Records contained in a dataset
==*==
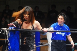バンビ勇躍リングインするが相手もアジャに代わったのを見てコーナーに戻る。しかし真琴はそこにはおらず(右写真)。
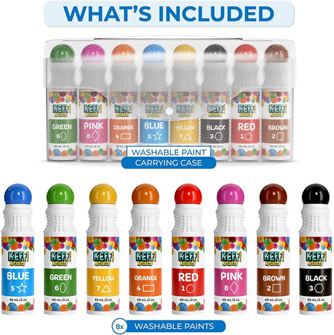 - 🎨 NO MESS, NO STRESS - With a rainbow of nontoxic, water-based washable paints like ours, you won't have to worry about your little painters leaving a permanent personal touch behind on furniture, carpet, walls, or faces.
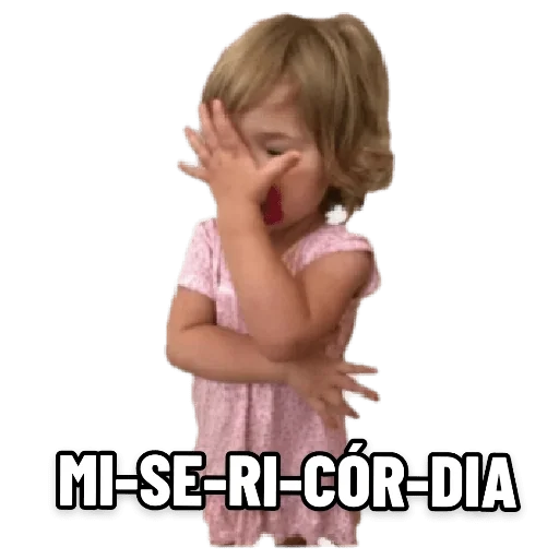 Menina de vestido rosa fazendo careta de dor ou constrangimento, com a mão no rosto e a legenda 'MI-SE-RI-CÓR-DIA'
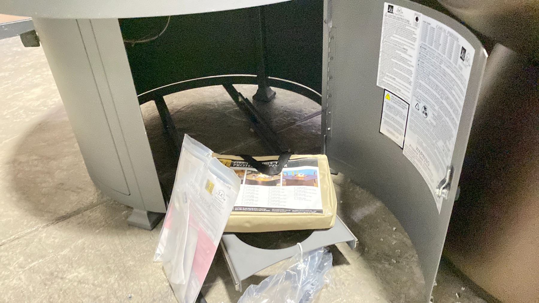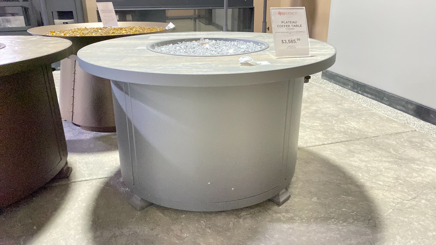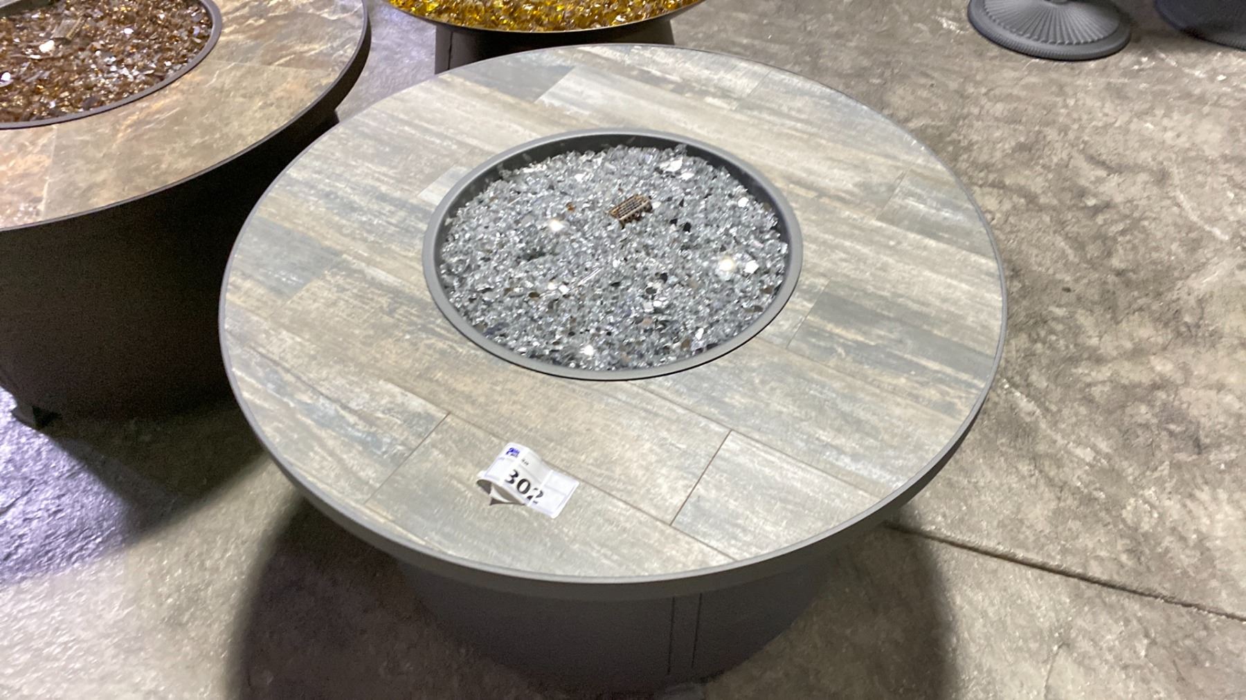 OW LEE VULSINI 42" ROUND CHAT HEIGHT FIRE TABLE. PROPANE BUT HAS NAT GAS CONVERSION INC. VELVET PEWTER/ATLANTIC CITY TILE TOP & SILVER MIRROR GLASS. INC COVER. RETAILS $4350
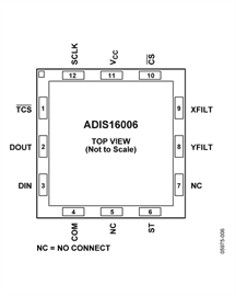 ADIS16006提供7.2 mm × 7.2 mm × 3.7 mm、12引脚LGA封装。
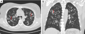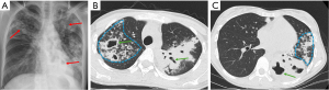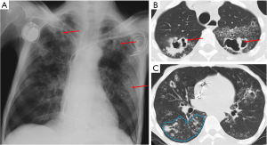 The differential diagnosis for cavities is extensive, encompassing infectious, malignant, and rheumatologic conditions (Table 1). Starting with findings from high-resolution computed tomography (CT) scans and combining them with the patient’s clinical history, physical exam results, and laboratory data can potentially refine the differential diagnosis of cavitary lesions. A disease process lasting less than 12 weeks (acute or subacute) is typically associated with common bacterial infections and less common causes such as nocardial and fungal infections, leading to pulmonary abscesses, necrotizing pneumonias, or septic emboli. In contrast, a chronic process lasting 12 weeks or more points toward mycobacterial, fungal, viral, or parasitic infections, malignancies like primary lung cancer or metastases, or autoimmune conditions such as rheumatoid arthritis (RA) or granulomatosis with polyangiitis (GPA) (3). The number, location, and characteristics of cavity walls are significant features that help differentiate between various causes (2,4). A single cavitary lesion is often associated with primary lung cancer or pulmonary abscess, whereas multiple cavities are more typical of conditions like septic emboli, GPA, rheumatoid nodules, or metastases (2,4). Lesion location can also provide clues, with upper lobe involvement being common in lung cancer and reactivation tuberculosis (TB), while lower lobe cavities are more often linked to septic emboli or metastatic disease. Wall thickness and contour offer additional diagnostic insights (2,4). Malignant cavities typically present with irregular internal walls and focal indentations on the outer contour, whereas benign cavities tend to have smooth walls. Nin et al. reported that CT measurements of wall thickness can be particularly informative with walls thicker than 24 mm being highly specific (100%) for malignancy, whereas walls thinner than 7 mm are 97% specific for benign lesions (5). Supporting imaging features that suggest a benign cause include surrounding consolidations and centrilobular or tree-in-bud nodules (5).
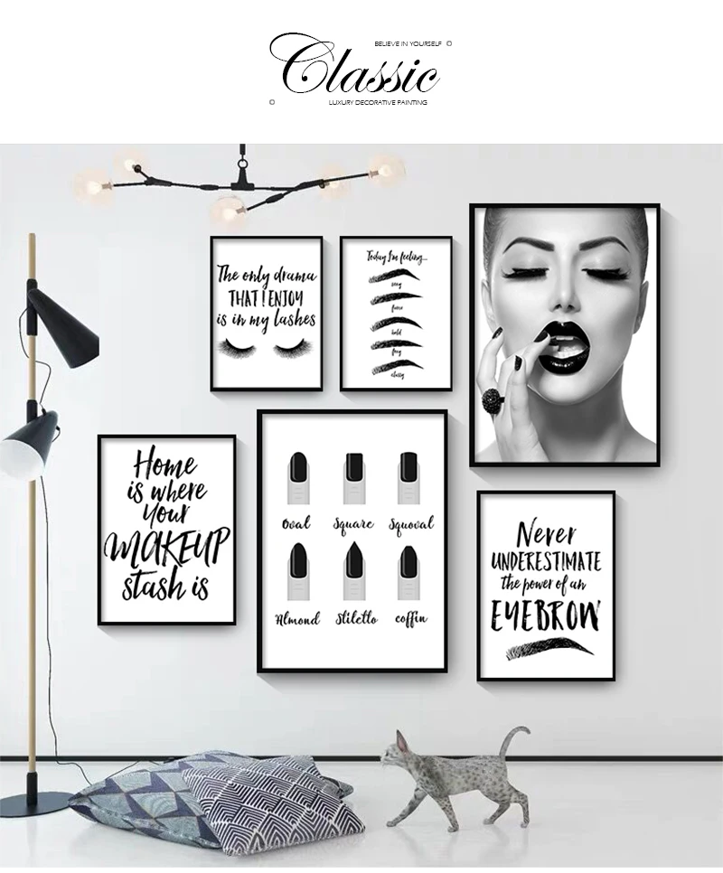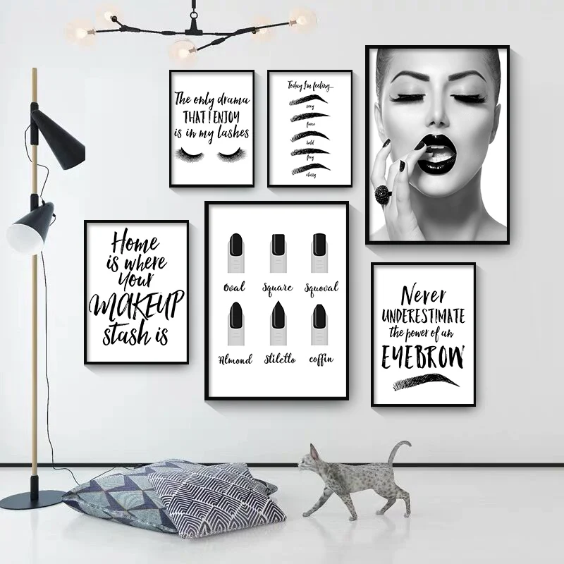Современный Маникюр брови художественный холст рисунок черный белый...
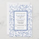 Modern indigo blue leaves pattern wedding invitation
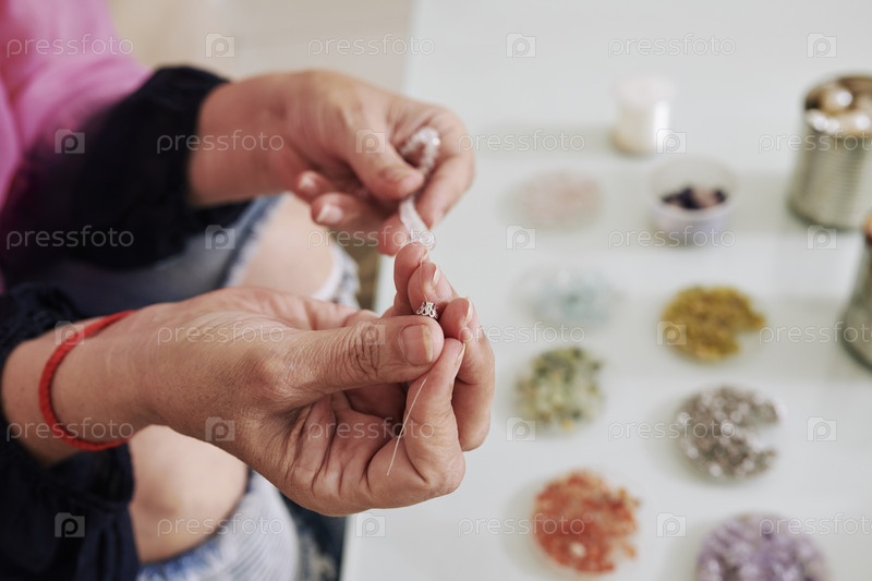 Женщина, надевающая бусы с кремом
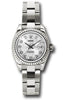 26mm 18K white gold case, fluted bezel, silver Jubilee dial, diamond hour markers, and Oyster bracelet.
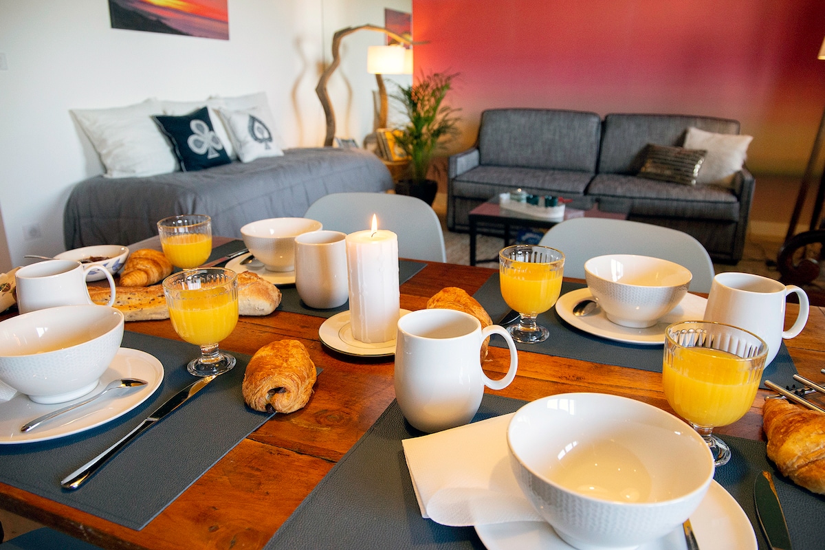 Disfrute de un alojamiento elegante y céntrico de 50 m2. Reformado, en un edificio con carácter y seguro. Situado en la línea del tranvía a 2 pasos del mercado de San Pedro y de todos los servicios, a menos de 300 m de la plaza de Jaude y de la catedral y a 1 km de la sede de Michelin. Conexión wifi . Dispone de una sala de estar de 30 m2 con una cocina equipada. La habitación es tranquila al lado del patio, cama de 160, baño. Posibilidad de aparcamiento privado y comidas bajo petición. Café y té incluidos.
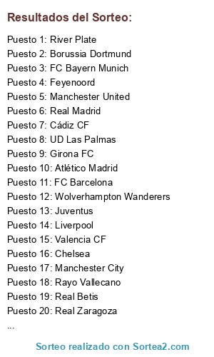 Lista de participantes: Inter de Milán, PSG, Wolves, FC Bayern Munich, Borussia Dortmund, Valencia CF, RCD Mallorca, Newcastle United, Manchester United, Málaga CF, Chapecoense, Levante UD, Liverpool, Chelsea, Manchester City, Real Madrid, RB Leipzig, Rayo Vallecano, Milan, New York Red Bulls, FC Barcelona, RCD Espanyol, Sevilla FC, Atlético de Madrid.
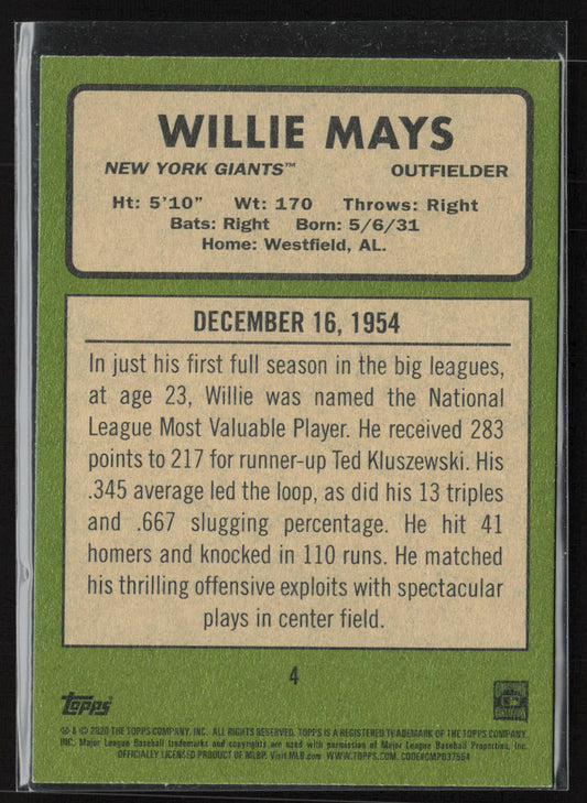 2020 Topps Heritage #4 Willie Mays 20 Giants Seasons
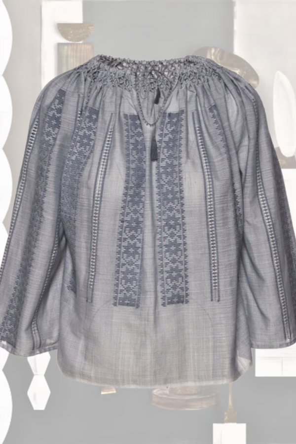 One of the finest exemplars of the traditional Romanian blouse can be found in the southern area of Romania and is exclusively hand-woven on the wooden loom.
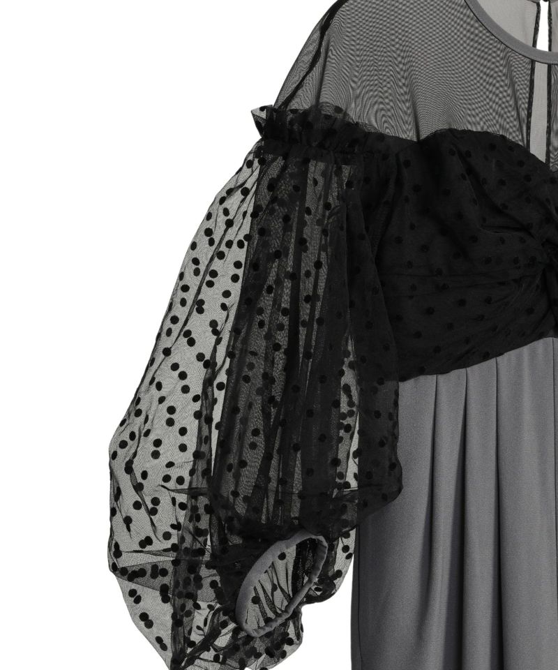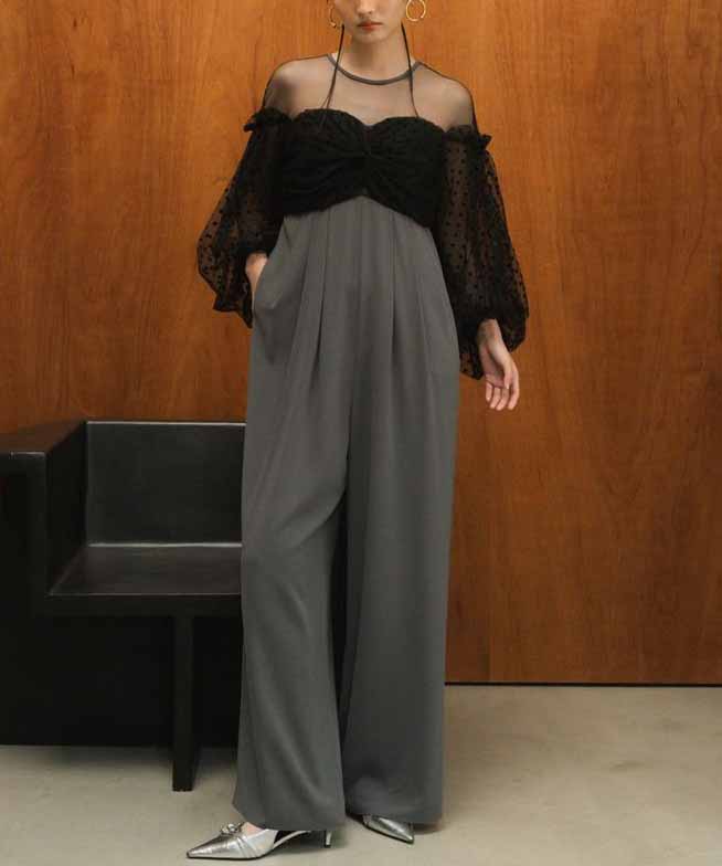 このドレスは、シアーなデコルテとフロッキードットの組み合わせが絶妙で、大人の甘さが程よく表現されています。バスト部分のチュール使いは繊細かつ立体的で、奥行きのあるデザインがとても印象的です。また、ジョーゼット生地のパンツ部分は落ち感が美しく、ワイドなシルエットがクールな印象をプラスしてくれます。袖のふわっとしたブラウジングデザインもポイントで、袖を通した瞬間に特別な気分になれる一着です。後ウエストがゴム仕様になっているので、リラックスした着心地でスタイルアップも叶うのが嬉しいです!
==*==
> _Your assignment_
Copy every record exactly as it appears, apart from any pictures.

> _Task result_
バンビ勇躍リングインするが相手もアジャに代わったのを見てコーナーに戻る。しかし真琴はそこにはおらず(右写真)。
 - 🎨 NO MESS, NO STRESS - With a rainbow of nontoxic, water-based washable paints like ours, you won't have to worry about your little painters leaving a permanent personal touch behind on furniture, carpet, walls, or faces.
 Menina de vestido rosa fazendo careta de dor ou constrangimento, com a mão no rosto e a legenda 'MI-SE-RI-CÓR-DIA'
 OW LEE VULSINI 42" ROUND CHAT HEIGHT FIRE TABLE. PROPANE BUT HAS NAT GAS CONVERSION INC. VELVET PEWTER/ATLANTIC CITY TILE TOP & SILVER MIRROR GLASS. INC COVER. RETAILS $4350
 ADIS16006提供7.2 mm × 7.2 mm × 3.7 mm、12引脚LGA封装。
 The differential diagnosis for cavities is extensive, encompassing infectious, malignant, and rheumatologic conditions (Table 1). Starting with findings from high-resolution computed tomography (CT) scans and combining them with the patient’s clinical history, physical exam results, and laboratory data can potentially refine the differential diagnosis of cavitary lesions. A disease process lasting less than 12 weeks (acute or subacute) is typically associated with common bacterial infections and less common causes such as nocardial and fungal infections, leading to pulmonary abscesses, necrotizing pneumonias, or septic emboli. In contrast, a chronic process lasting 12 weeks or more points toward mycobacterial, fungal, viral, or parasitic infections, malignancies like primary lung cancer or metastases, or autoimmune conditions such as rheumatoid arthritis (RA) or granulomatosis with polyangiitis (GPA) (3). The number, location, and characteristics of cavity walls are significant features that help differentiate between various causes (2,4). A single cavitary lesion is often associated with primary lung cancer or pulmonary abscess, whereas multiple cavities are more typical of conditions like septic emboli, GPA, rheumatoid nodules, or metastases (2,4). Lesion location can also provide clues, with upper lobe involvement being common in lung cancer and reactivation tuberculosis (TB), while lower lobe cavities are more often linked to septic emboli or metastatic disease. Wall thickness and contour offer additional diagnostic insights (2,4). Malignant cavities typically present with irregular internal walls and focal indentations on the outer contour, whereas benign cavities tend to have smooth walls. Nin et al. reported that CT measurements of wall thickness can be particularly informative with walls thicker than 24 mm being highly specific (100%) for malignancy, whereas walls thinner than 7 mm are 97% specific for benign lesions (5). Supporting imaging features that suggest a benign cause include surrounding consolidations and centrilobular or tree-in-bud nodules (5).
Современный Маникюр брови художественный холст рисунок черный белый...
 Modern indigo blue leaves pattern wedding invitation
 Женщина, надевающая бусы с кремом
 26mm 18K white gold case, fluted bezel, silver Jubilee dial, diamond hour markers, and Oyster bracelet.
 Disfrute de un alojamiento elegante y céntrico de 50 m2. Reformado, en un edificio con carácter y seguro. Situado en la línea del tranvía a 2 pasos del mercado de San Pedro y de todos los servicios, a menos de 300 m de la plaza de Jaude y de la catedral y a 1 km de la sede de Michelin. Conexión wifi . Dispone de una sala de estar de 30 m2 con una cocina equipada. La habitación es tranquila al lado del patio, cama de 160, baño. Posibilidad de aparcamiento privado y comidas bajo petición. Café y té incluidos.
 Lista de participantes: Inter de Milán, PSG, Wolves, FC Bayern Munich, Borussia Dortmund, Valencia CF, RCD Mallorca, Newcastle United, Manchester United, Málaga CF, Chapecoense, Levante UD, Liverpool, Chelsea, Manchester City, Real Madrid, RB Leipzig, Rayo Vallecano, Milan, New York Red Bulls, FC Barcelona, RCD Espanyol, Sevilla FC, Atlético de Madrid.
 2020 Topps Heritage #4 Willie Mays 20 Giants Seasons
 One of the finest exemplars of the traditional Romanian blouse can be found in the southern area of Romania and is exclusively hand-woven on the wooden loom.
 このドレスは、シアーなデコルテとフロッキードットの組み合わせが絶妙で、大人の甘さが程よく表現されています。バスト部分のチュール使いは繊細かつ立体的で、奥行きのあるデザインがとても印象的です。また、ジョーゼット生地のパンツ部分は落ち感が美しく、ワイドなシルエットがクールな印象をプラスしてくれます。袖のふわっとしたブラウジングデザインもポイントで、袖を通した瞬間に特別な気分になれる一着です。後ウエストがゴム仕様になっているので、リラックスした着心地でスタイルアップも叶うのが嬉しいです!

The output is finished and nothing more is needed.